1. ## Maximal normal subgroup

Prove that $\displaystyle H$ is a normal subgroup of $\displaystyle N_{G}(H)$ and that $\displaystyle N_{G}(H)$ is the largest subgroup of $\displaystyle G$containing $\displaystyle H$ as a normal subgroup.

2. Originally Posted by didact273

Prove that $\displaystyle H$ is a normal subgroup of $\displaystyle N_{G}(H)$ and that $\displaystyle N_{G}(H)$ is the largest subgroup of $\displaystyle G$ containing $\displaystyle H$ as a normal subgroup.
very straightforward! just follow the definition of the normalizer of a subgroup.
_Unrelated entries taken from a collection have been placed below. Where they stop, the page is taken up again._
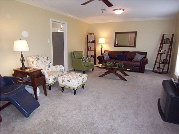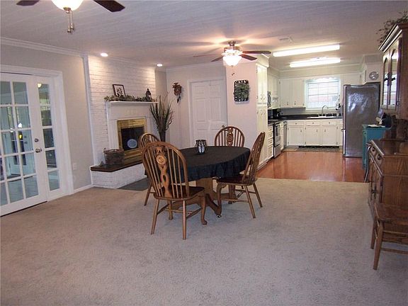 This 3 BD/2BA home is located near a golf course. It has two large living areas. The kitchen has stainless steel appliances, new counter tops & pantry storage. There is a cozy fireplace for chilly days and a large tiled sunroom for enjoying nature. The utility room has space for extra shelves, along with washer/dryer hook ups. All the bedrooms have large windows that provide natural light. The patio is great for entertaining and there is a lofted shed with a built in work bench for hobbies and extra storage. The back yard is private and backs up to wooded acreage. It is MOVE IN READY! Be sure to check out the visual tour!
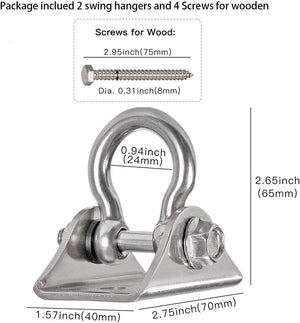 The high quality swing hangers come complete with 2 mounting hardware and 4 screws which fit wood application(expention bolt not included)
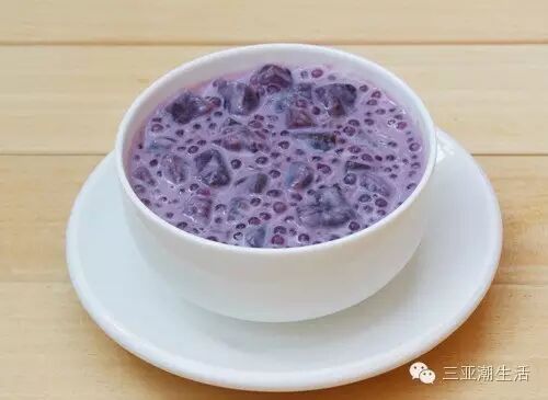 椰汁西米露。香浓的椰汁加上晶莹剔透的西米,两者相结就可以成为了风味独特,香醇可人的美妙食饮,椰香飘逸,西米软糯,加上紫薯一起熬制,那真是色香味更佳!
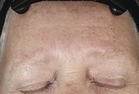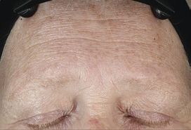 IMPROVEMENT IN THE APPEARANCE OF FOREHEAD LINES: FEMALE, CAUCASIAN, AGE 65, FITZPATRICK SKIN TYPE II. UNRETOUCHED PHOTOS TAKEN WITH
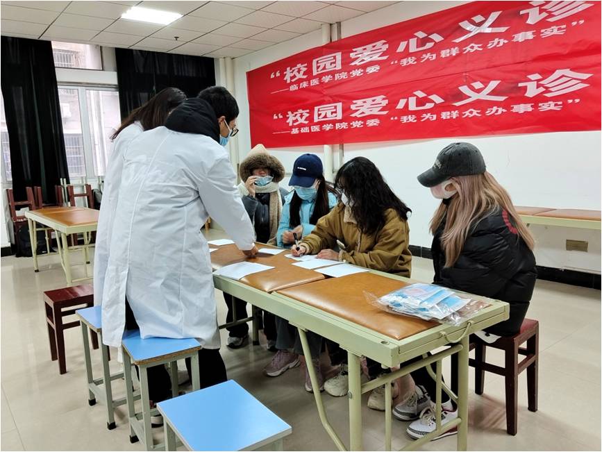 为了此次义诊活动,临床医公司党委组织附二医院医生和两院员工党支部志愿者共同成立“爱心义诊服务队”,并协调整理出三间诊疗房间,为公司师生传播普及卫生健康知识、倡导健康生活方式、提供免费医疗服务和药品。

3. Originally Posted by didact273
Prove that $\displaystyle H$ is a normal subgroup of $\displaystyle N_{G}(H)$ and that $\displaystyle N_{G}(H)$ is the largest subgroup of $\displaystyle G$containing $\displaystyle H$ as a normal subgroup.
I want to add more to what NonCommAlg said. You need to understand the meaning of "largest". This problem is saying that if $\displaystyle K$ is a subgroup of $\displaystyle G$ so that $\displaystyle H$ is a normal subgroup of $\displaystyle K$ then $\displaystyle K\subseteq N(G)$ i.e. "$\displaystyle N(G)$ is the largest". Show that any element in $\displaystyle K$ must be automatically be an element of $\displaystyle N(G)$ to complete the proof. That is all you need to show, now follow the definition of normalizer.